__WHAT THE TASK ASKS__.
Return the lines of the material below exactly, beginning with the line that has "Gold Sequin Trim - 132983" in it and finishing with the line that has "Brand new crow-walk!" in it. Leave all pictures aside.
START AVAILABLE DATA
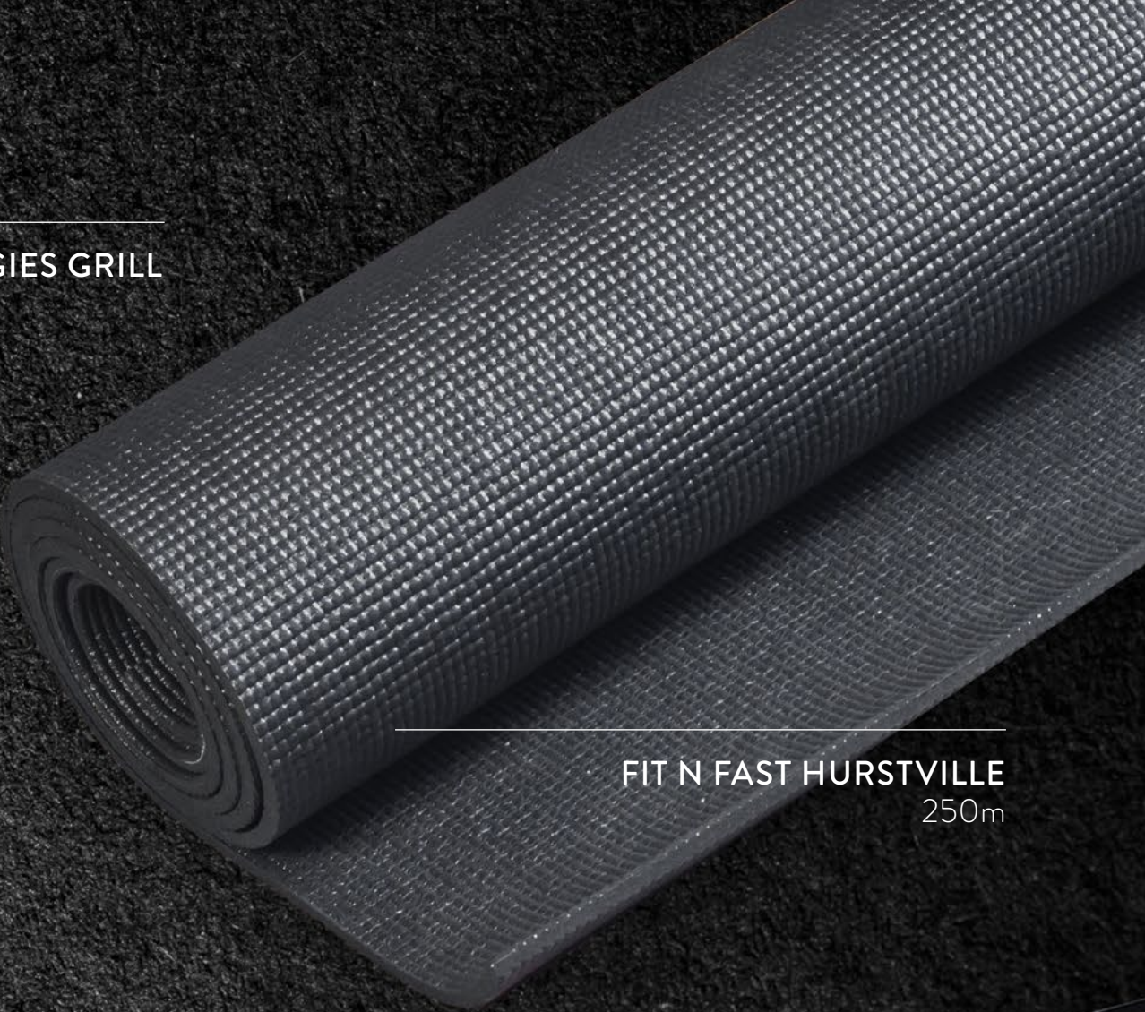
FIT N FAST HURSTVILLE 250m
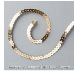
Gold Sequin Trim - 132983
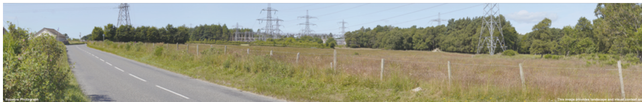
Existing view from B977 looking east towards the substation
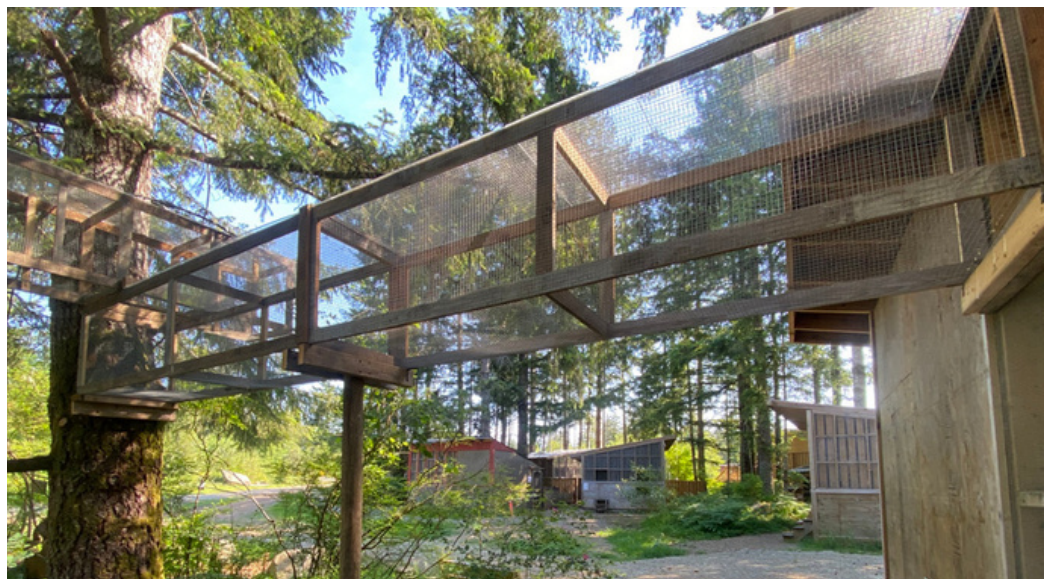
Brand new crow-walk!

Two of our Ambassador Birds, our beloved albino crows Nimpkish and Kokish, are enjoying some new architecture. Our two melanistically challenged corvids have enjoyed their pen-air popouts (also known as 'poop-outs') for over a year now, but were in for a treat when our construction crew installed a mega-pop out. Come check out the crows and maybe if you're lucky, you'll see them on their "crow-walk".
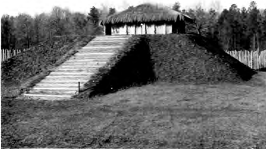
Town Creek Indian Mound, NHL, Mt. Gilead, NC.

more determined eligible for listing. Four million properties have been included in State inventories, for the most part compiled using National Register criteria and standards. The National Register is not a comprehensive catalogue of the Nation's historic resources. It is a list of evaluated properties to consult during project planning; most importantly, it is a consistent system for documenting, evaluating, and registering historic resources. National Register criteria for evaluation and documentation standards are used by every Federal agency, State, and Territory of the United States to identify historic properties for consideration in making planning and development decisions. The National Register's broad criteria, written soon after the passage of the Act, and the National Register nomination form have remained virtually unchanged in 20 years, while the National Register program has matured with the preservation movement.
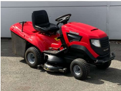
163. V - MOUNTFIELD 2040H PETROL RIDE ON MOWER HYDRO TRANSMISSION WITH COLLECTION, WITH KEY
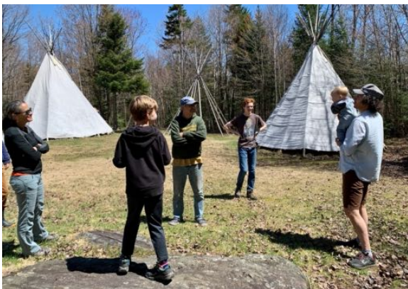
Job well done!

Thank you all for giving your time to help prepare Night Eagle for the summer of 2023. It was great seeing old friends and meeting new campers and parents. All of you are vital to the existence of Night Eagle, and we really do appreciate all that you do for camp! Pilamaya!
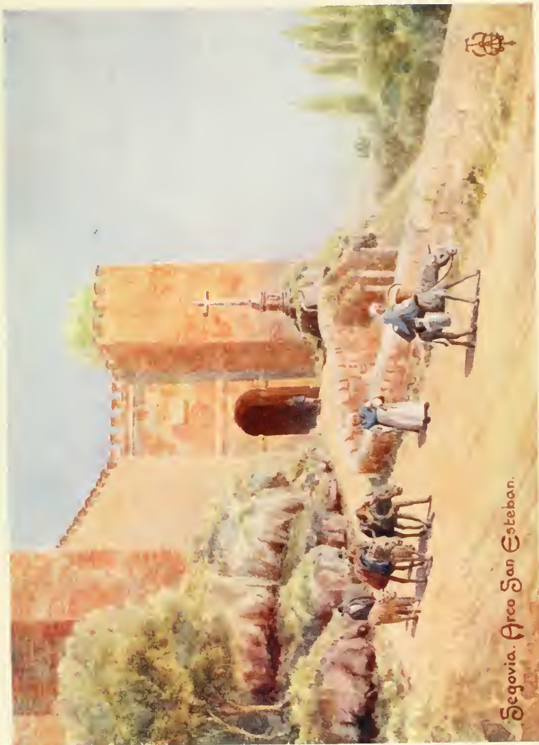
Segovia. Arco San Esteban.
END AVAILABLE DATA
__EXERCISE ANSWER__.
Gold Sequin Trim - 132983
Existing view from B977 looking east towards the substation
Brand new crow-walk!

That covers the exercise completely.